Le chanteur Christophe, inoubliable interprète des Mots bleus et d'Aline, est mort à 74 ans. Chanteur yéyé devenu un monument de la chanson française, cet autodidacte a passé sa vie à la recherche du son parfait.

Il disait qu’il avait construit sa vie en chansons. Le chanteur Christophe, dont les inoubliables mots bleus ont bercé plusieurs générations, est mort ce jeudi à l'âge de 74 ans des suites d'une maladie pulmonaire, selon sa famille. 

"Christophe est parti. Malgré le dévouement sans faille des équipes soignantes, ses forces l'ont abandonné.

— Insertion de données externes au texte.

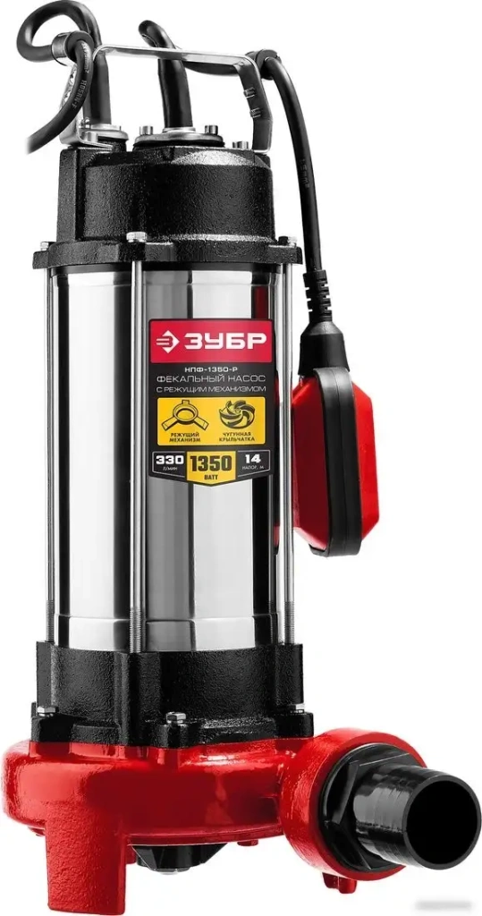 Фекальный насос Зубр НПФ-1350-Р предназначен для отведения сточных вод и работает в вертикальной погружной установке. Он выполнен из чугуна, что обеспечивает прочность и надежность. Насос способен перекачивать до 19,8 м³ воды в час при напоре 13,5 метров. Мощность прибора — 1350 Вт, он подключается к сети с напряжением 220 В. Устройство погружается на глубину до 5 метров и работает в температурном диапазоне до 35 °C. Диаметр соединения — 2 дюйма, длина кабеля — 5 метров, что удобно для установки. Насос легко устанавливать вертикально и он может перекачивать жидкость с различными характеристиками. Его размеры: длина 250 мм, ширина 320 мм, высота 560 мм, вес — 19,4 кг. Он хорош для очистки и отвода фекальных и сточных вод благодаря прочной конструкции и высокой производительности.

Aujourd'hui, les mots se lézardent... et tous les longs discours sont bel et bien futiles", ont écrit dans un communiqué transmis à l'AFP Véronique Bevilacqua, épouse du chanteur, et sa fille Lucie.

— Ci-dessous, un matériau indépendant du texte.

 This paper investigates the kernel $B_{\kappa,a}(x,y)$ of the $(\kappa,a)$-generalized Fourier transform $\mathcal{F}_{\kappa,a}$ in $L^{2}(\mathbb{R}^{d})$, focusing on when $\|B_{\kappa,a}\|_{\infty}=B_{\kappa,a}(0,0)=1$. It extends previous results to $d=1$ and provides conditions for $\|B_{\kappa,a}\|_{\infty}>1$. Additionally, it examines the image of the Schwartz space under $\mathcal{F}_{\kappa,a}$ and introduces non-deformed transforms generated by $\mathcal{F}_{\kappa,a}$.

Daniel Bevilacqua, de son vrai nom, avait été hospitalisé et admis en réanimation le 26 mars dans un hôpital parisien en raison d'une "insuffisance respiratoire", selon son producteur de spectacle, Laurent Castanié. Le 10 avril, Véronique Bevilacqua indiquait à l'AFP qu'il était "hospitalisé en réanimation à Brest [...] intubé sous sédation profonde". 

Véronique Bevilacqua n'a jamais fait mention de la maladie Covid-19 dans ses communiqués, et, interrogée au téléphone par l'AFP dans la nuit de jeudi à vendredi, elle a souligné qu'il était mort "des suites d'un emphysème", une maladie pulmonaire.

"J’suis pas chanteur, j’suis pas musicien"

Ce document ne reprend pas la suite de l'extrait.